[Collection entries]
------

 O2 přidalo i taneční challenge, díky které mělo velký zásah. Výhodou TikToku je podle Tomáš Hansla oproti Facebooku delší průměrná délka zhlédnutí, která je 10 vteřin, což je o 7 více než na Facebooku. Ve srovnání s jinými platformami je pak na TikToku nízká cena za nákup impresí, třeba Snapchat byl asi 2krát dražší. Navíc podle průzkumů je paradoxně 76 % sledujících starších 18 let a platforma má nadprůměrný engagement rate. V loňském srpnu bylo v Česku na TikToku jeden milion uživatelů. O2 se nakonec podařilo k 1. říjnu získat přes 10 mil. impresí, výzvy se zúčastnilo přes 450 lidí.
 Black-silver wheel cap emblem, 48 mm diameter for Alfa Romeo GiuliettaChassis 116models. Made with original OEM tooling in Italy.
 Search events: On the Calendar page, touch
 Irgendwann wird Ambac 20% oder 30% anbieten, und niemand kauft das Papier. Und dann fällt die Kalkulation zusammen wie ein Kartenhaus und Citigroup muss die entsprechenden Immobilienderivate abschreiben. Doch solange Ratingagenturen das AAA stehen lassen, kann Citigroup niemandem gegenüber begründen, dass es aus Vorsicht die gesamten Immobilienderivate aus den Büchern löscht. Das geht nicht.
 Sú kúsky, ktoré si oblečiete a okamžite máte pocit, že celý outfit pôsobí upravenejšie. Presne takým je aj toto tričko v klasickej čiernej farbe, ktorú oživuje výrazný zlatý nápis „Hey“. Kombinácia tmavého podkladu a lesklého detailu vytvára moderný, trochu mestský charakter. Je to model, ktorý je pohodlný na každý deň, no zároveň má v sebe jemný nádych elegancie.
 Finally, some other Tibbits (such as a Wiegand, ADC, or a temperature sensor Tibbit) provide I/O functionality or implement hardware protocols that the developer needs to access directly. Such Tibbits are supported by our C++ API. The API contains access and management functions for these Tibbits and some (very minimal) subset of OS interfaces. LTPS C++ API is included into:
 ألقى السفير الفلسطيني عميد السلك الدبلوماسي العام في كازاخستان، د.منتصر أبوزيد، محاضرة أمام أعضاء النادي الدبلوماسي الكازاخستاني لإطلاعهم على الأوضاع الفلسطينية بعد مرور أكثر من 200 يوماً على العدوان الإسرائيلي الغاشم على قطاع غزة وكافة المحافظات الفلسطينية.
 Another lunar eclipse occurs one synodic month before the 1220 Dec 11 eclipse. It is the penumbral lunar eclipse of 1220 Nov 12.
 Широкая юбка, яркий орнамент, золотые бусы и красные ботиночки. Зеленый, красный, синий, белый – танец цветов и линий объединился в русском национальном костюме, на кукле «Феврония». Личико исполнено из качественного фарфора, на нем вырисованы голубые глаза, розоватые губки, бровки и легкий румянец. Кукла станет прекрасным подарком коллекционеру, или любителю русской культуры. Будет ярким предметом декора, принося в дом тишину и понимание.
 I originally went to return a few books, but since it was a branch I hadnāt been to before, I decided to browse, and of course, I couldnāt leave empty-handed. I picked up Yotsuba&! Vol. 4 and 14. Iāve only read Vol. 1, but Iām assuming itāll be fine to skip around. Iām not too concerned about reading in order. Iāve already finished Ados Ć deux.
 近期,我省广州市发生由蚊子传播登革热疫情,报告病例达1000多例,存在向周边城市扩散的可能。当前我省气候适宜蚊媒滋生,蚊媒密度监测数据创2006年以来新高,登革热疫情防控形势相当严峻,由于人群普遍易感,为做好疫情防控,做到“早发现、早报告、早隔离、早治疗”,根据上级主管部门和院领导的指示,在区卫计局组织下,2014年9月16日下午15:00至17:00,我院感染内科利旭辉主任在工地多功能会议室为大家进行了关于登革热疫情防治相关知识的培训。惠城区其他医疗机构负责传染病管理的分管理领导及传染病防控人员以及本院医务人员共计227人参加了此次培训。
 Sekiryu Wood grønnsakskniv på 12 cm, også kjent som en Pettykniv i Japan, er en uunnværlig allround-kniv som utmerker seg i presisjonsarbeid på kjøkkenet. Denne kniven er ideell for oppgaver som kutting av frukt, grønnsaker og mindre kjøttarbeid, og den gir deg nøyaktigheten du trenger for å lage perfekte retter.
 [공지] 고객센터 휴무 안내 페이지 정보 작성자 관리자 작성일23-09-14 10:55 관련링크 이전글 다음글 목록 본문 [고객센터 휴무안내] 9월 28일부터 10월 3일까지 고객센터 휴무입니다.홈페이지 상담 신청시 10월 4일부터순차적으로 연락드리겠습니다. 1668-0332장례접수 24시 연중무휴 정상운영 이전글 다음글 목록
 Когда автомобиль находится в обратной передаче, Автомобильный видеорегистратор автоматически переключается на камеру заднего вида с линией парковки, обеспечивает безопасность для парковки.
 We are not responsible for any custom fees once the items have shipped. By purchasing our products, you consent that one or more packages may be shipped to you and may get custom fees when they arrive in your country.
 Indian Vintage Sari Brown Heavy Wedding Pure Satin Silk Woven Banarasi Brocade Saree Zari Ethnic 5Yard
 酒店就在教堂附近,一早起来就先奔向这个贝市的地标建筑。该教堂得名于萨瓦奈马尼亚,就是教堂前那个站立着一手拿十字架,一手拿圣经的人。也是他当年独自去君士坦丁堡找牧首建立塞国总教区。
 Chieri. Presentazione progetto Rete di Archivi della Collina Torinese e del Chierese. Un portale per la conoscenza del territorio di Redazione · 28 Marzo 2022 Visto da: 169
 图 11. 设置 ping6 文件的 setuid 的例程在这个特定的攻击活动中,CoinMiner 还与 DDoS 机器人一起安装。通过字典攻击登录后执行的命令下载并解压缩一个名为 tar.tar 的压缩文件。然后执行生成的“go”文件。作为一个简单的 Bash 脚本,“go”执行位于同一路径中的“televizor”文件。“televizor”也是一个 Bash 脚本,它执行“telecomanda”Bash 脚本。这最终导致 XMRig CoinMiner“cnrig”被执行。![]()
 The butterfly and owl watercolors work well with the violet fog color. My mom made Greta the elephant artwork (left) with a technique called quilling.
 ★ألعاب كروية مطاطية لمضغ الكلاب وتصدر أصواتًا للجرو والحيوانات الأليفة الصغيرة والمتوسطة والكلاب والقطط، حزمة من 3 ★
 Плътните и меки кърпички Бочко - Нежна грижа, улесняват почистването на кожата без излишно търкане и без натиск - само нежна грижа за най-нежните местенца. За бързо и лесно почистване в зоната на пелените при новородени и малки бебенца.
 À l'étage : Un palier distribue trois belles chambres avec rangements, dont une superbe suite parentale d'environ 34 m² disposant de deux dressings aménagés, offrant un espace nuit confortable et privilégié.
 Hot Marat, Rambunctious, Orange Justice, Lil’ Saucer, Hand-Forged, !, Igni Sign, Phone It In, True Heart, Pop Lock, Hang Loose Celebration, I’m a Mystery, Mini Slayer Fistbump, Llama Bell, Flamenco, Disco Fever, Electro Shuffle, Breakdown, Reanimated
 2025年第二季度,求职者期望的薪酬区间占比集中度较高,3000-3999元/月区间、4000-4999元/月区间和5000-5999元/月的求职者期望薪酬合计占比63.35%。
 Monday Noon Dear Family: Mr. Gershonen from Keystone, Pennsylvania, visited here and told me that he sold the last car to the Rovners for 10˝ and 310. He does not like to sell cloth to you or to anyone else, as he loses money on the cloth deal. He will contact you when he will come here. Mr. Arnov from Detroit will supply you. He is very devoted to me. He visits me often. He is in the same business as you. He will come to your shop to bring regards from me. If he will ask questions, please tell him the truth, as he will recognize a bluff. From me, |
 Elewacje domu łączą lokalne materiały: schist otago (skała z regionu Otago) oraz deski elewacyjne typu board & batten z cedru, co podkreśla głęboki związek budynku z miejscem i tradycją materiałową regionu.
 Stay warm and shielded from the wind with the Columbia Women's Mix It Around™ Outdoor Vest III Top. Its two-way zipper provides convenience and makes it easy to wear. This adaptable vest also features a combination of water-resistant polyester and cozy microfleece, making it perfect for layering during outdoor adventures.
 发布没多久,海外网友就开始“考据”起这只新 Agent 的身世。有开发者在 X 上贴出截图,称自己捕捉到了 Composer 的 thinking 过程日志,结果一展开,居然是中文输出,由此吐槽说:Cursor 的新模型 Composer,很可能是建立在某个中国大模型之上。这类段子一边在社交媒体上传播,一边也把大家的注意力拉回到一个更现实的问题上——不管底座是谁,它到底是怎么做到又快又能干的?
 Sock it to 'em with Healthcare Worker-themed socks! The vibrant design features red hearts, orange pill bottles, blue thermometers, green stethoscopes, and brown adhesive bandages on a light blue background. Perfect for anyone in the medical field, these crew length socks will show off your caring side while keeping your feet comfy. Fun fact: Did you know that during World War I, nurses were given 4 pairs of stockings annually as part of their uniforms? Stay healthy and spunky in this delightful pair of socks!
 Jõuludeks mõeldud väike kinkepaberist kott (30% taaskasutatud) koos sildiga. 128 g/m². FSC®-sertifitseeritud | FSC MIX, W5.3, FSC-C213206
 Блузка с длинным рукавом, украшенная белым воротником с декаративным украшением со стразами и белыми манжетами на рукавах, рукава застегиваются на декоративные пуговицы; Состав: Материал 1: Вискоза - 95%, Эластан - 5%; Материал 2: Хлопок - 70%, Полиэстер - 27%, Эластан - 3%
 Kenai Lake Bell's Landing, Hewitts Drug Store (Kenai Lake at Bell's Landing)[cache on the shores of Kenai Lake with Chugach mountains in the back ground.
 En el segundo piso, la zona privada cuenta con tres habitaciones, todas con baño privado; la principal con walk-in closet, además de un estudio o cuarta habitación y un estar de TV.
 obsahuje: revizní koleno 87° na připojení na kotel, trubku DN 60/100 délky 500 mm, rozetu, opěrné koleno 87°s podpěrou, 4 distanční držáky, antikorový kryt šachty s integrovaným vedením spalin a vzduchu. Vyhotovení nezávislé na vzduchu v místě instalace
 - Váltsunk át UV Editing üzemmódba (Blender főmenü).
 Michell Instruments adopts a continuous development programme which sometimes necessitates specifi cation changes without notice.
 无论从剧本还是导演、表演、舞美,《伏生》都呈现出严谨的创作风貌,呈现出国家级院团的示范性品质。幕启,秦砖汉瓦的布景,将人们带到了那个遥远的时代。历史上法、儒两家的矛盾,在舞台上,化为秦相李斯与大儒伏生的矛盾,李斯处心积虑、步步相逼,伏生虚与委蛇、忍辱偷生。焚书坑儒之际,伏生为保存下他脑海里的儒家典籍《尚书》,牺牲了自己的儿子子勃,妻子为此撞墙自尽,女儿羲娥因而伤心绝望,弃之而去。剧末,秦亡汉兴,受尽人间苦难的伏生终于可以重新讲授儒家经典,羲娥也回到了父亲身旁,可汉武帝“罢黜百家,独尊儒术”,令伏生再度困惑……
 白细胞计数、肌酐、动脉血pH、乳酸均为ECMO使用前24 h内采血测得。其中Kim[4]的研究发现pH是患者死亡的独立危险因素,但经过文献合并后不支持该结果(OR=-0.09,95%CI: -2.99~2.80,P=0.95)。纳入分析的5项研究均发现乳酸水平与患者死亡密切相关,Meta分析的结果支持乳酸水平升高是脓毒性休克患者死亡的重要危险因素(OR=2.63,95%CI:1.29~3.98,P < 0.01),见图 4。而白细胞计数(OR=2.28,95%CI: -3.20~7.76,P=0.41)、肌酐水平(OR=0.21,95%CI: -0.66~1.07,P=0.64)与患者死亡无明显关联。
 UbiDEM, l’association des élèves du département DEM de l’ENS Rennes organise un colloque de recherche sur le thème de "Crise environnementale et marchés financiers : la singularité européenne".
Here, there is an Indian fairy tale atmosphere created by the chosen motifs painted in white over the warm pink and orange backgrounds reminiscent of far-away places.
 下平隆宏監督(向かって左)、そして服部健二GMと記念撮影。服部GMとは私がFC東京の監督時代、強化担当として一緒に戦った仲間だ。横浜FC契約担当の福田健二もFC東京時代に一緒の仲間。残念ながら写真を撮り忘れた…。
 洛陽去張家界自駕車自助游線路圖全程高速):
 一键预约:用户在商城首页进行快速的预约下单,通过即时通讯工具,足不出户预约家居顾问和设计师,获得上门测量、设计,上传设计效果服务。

------

- PROBLEM REQUIREMENTS: Print exactly the lines above, between the one holding "Michell Instruments adopts" and the one holding "无论从剧本还是导演、表演、舞", inclusive, and nothing besides.

- RESULT OF THIS EXERCISE:
 Michell Instruments adopts a continuous development programme which sometimes necessitates specifi cation changes without notice.
 无论从剧本还是导演、表演、舞美,《伏生》都呈现出严谨的创作风貌,呈现出国家级院团的示范性品质。幕启,秦砖汉瓦的布景,将人们带到了那个遥远的时代。历史上法、儒两家的矛盾,在舞台上,化为秦相李斯与大儒伏生的矛盾,李斯处心积虑、步步相逼,伏生虚与委蛇、忍辱偷生。焚书坑儒之际,伏生为保存下他脑海里的儒家典籍《尚书》,牺牲了自己的儿子子勃,妻子为此撞墙自尽,女儿羲娥因而伤心绝望,弃之而去。剧末,秦亡汉兴,受尽人间苦难的伏生终于可以重新讲授儒家经典,羲娥也回到了父亲身旁,可汉武帝“罢黜百家,独尊儒术”,令伏生再度困惑……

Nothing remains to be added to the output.